In order to find one of the Utah Jazz’s most important coaching voices at the Delta Center, don’t look down to the floor or the bench area.
You’ll see Jeff Hornacek’s No. 14 jersey in the rafters.
You won’t likely see him on the Jazz’s sidelines. Most games, he doesn’t travel with the team. Even during Jazz home games, he’s typically back in his residence in Phoenix, Arizona. But the Jazz legend who was once the third key cog of its most famous teams is now a key cog in Will Hardy’s development as the youngest head coach in the NBA. It just typically happens over the phone.
“Jeff watches all of our games and he and I talk after every game about what he’s seeing,” Hardy said. “I’ve told him that I would like for him just to think like he’s me.”
Hornacek first started as a Jazz shooting coach under Jerry Sloan, before moving to the bench as an assistant coach under Ty Corbin after the former resigned. But his easygoing demeanor and basketball Xs and Os knowledge pushed him forward quickly, and within three years, he was head coach of the Phoenix Suns, amassing a 101-112 record.
The Suns fired him midway through 2016, but coaching Hall of Famer Phil Jackson, then running the New York Knicks, selected him as that team’s head coach just three months later. There, Hornacek spent two years with the NBA’s biggest city’s biggest franchise, trying to integrate parts of Jackson’s Triangle offense with more modern techniques. A Kristaps Porzingis ACL tear in his second season doomed the Knicks to a poor season, though, and Hornacek was let go again. Later, Hornacek spent two years as an assistant for the Houston Rockets before looking for his next opportunity.
Hardy didn’t know Hornacek well before the then-34-year-old became Utah’s sixth-ever head coach in the summer of 2022, though Hardy and Hornacek shared an agent: Creative Artists Agency’s Spencer Breecker. Hardy wanted someone to help develop his own coaching acumen as he went through the early stages of his career, however, and the Jazz happened to have someone with a resume with significant head-coaching experience on speed dial.

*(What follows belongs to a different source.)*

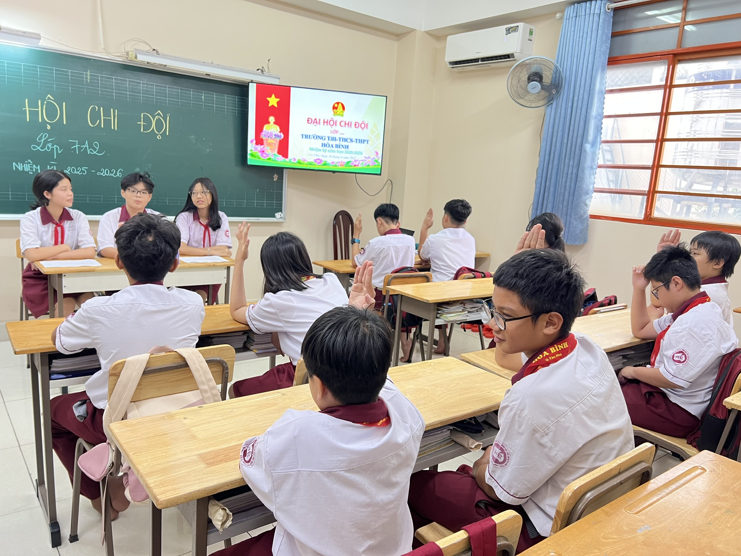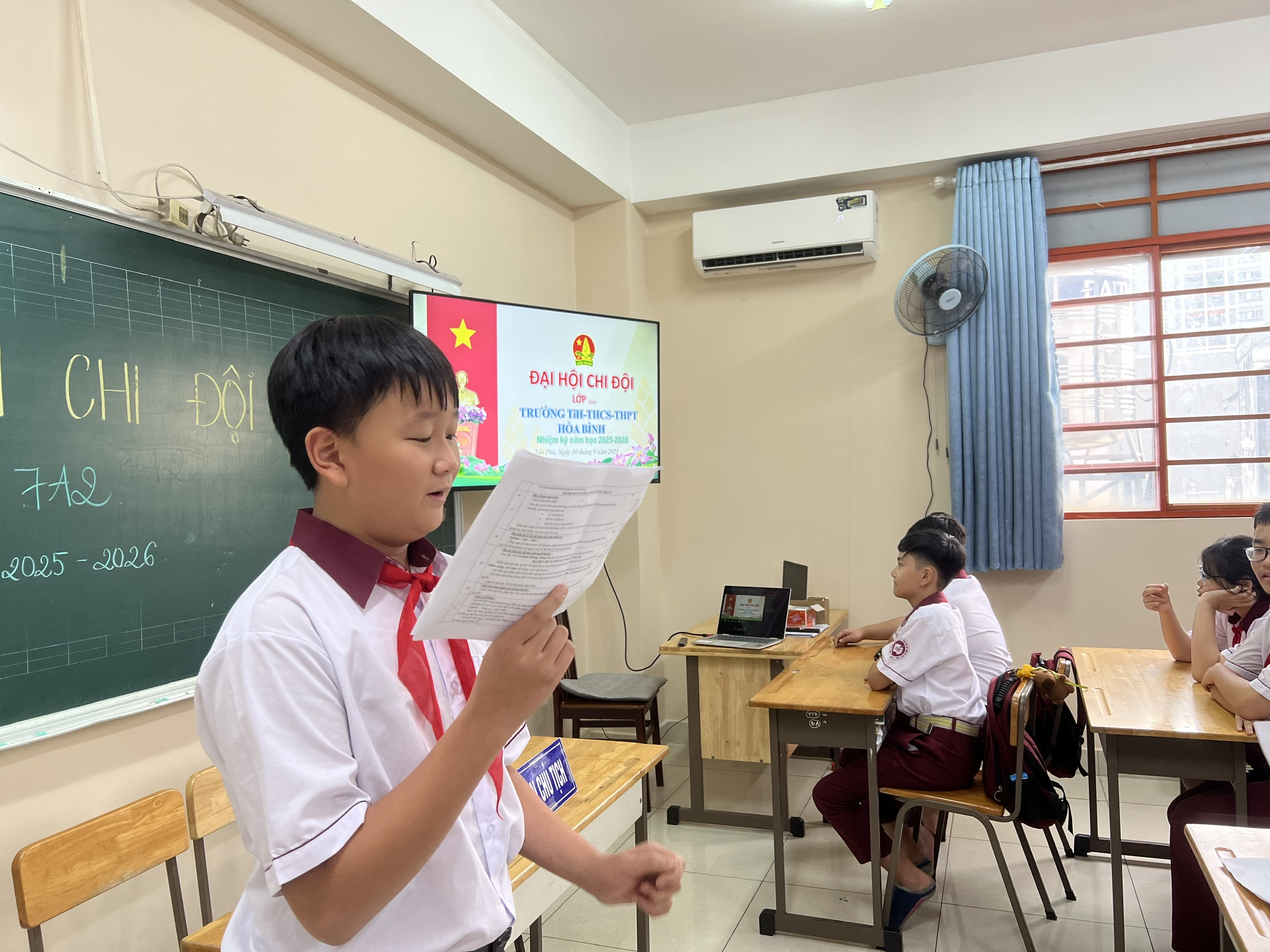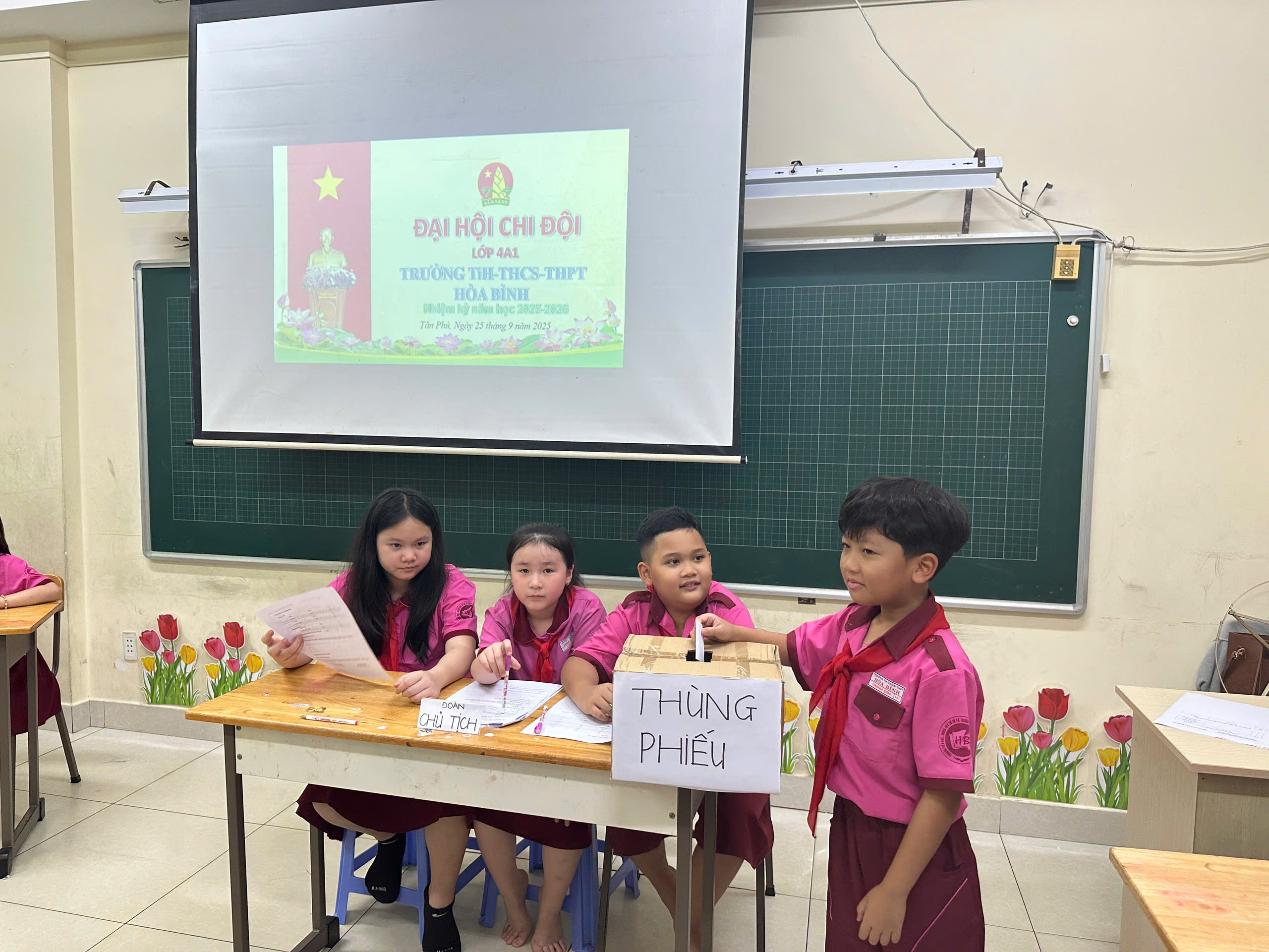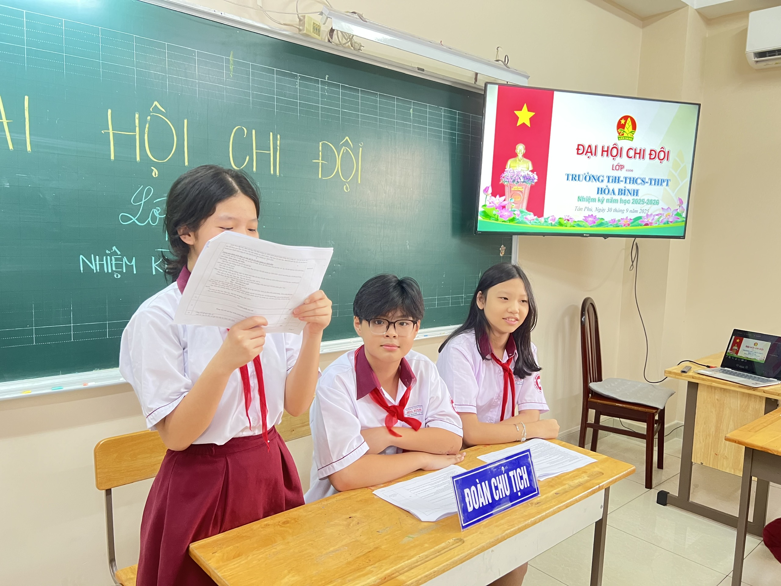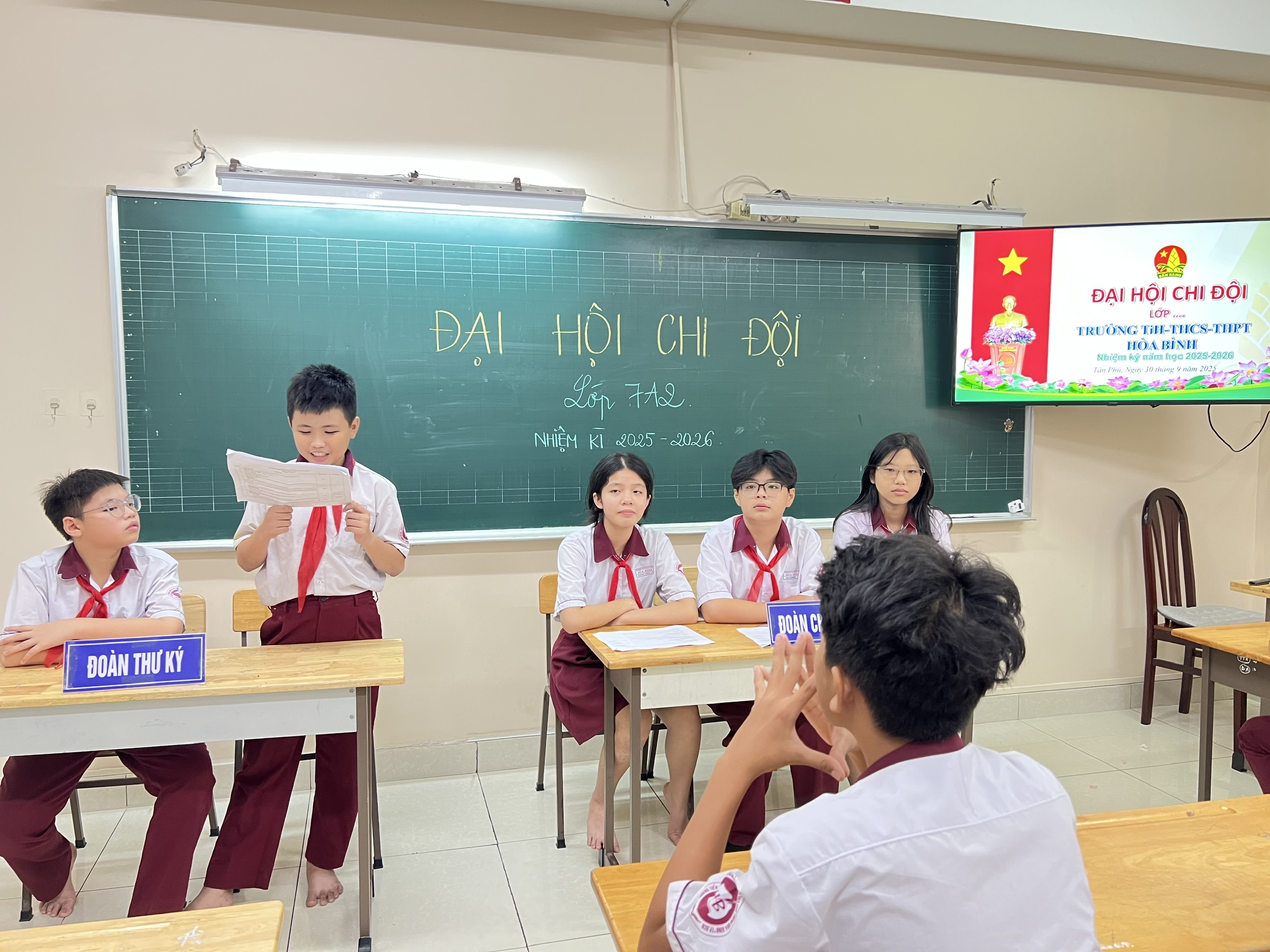 Hòa chung không khí sôi nổi của năm học mới, các Chi đội thuộc Liên đội Hoà Bình đã long trọng tổ chức Đại hội Chi đội 🌟. Đây là dịp để các bạn Đội viên cùng nhau:

“It would have made sense even if he weren’t a franchise legend,” Hardy said, “but he’s a franchise legend.”
The pair met, and hit it off nearly immediately. Hornacek’s title is coaching consultant, but really, he’s a coaching confidant, Hardy says.
“He’s been a really, really good friend and confidant and in some ways like a mentor for me in this role, because he also knows what it’s like to be a head coach and a first-time head coach,” Hardy said. “There are tough moments during the season where sometimes he just offers a ‘Hang in there, you’re doing what you should be doing.’ It’s just a tough stretch over 82 games and so he’s been a really calming influence for me.”
What they talk about on those post-game phone calls varies. Sometimes, it’s one coaching detail they’ll discuss, a timeout or a specific play. But sometimes, Hardy needs the birds-eye view of someone who isn’t blinded by the trees in the forest of an 82-game season.
“When you’re head coach, you talk with the owner, deal with the business side, the marketing, press, everything else. You get so involved as the coach at the game and then the practice,” Hornacek said. “Sometimes, you need to see from a distance.”
That’s where the vet can help the young coach most.
“The good part about having somebody in Jeff’s position is that he’s not bogged down in the day-to-day minutia. So he’s not, like, tainted by our coaches’ meetings. As a staff, sometimes we can get into weeds and so every now and then Jeff’s able to say something to me that sort of redirects my focus because it’s so big picture,” Hardy said. “And so it’s like, ‘Oh wow, like, no s---. Wow, am I missing that?’”
Over the course of his career, Hornacek played for some legendary coaches. In college, he played for a National Coach of the Year winner in Johnny Orr; in Phoenix, he played for Hall of Famer Cotton Fitzsimmons. Of course, he joined Sloan in Utah after a trade in 1994, and in his NBA coaching tenure, he has rubbed shoulders with some of the league’s best-ever coaches.
Hornacek, though, sees a bright future for the second-year coach.
“One thing I’ll say: Will’s really good,” Hornacek said. “I don’t really have to do a whole lot.”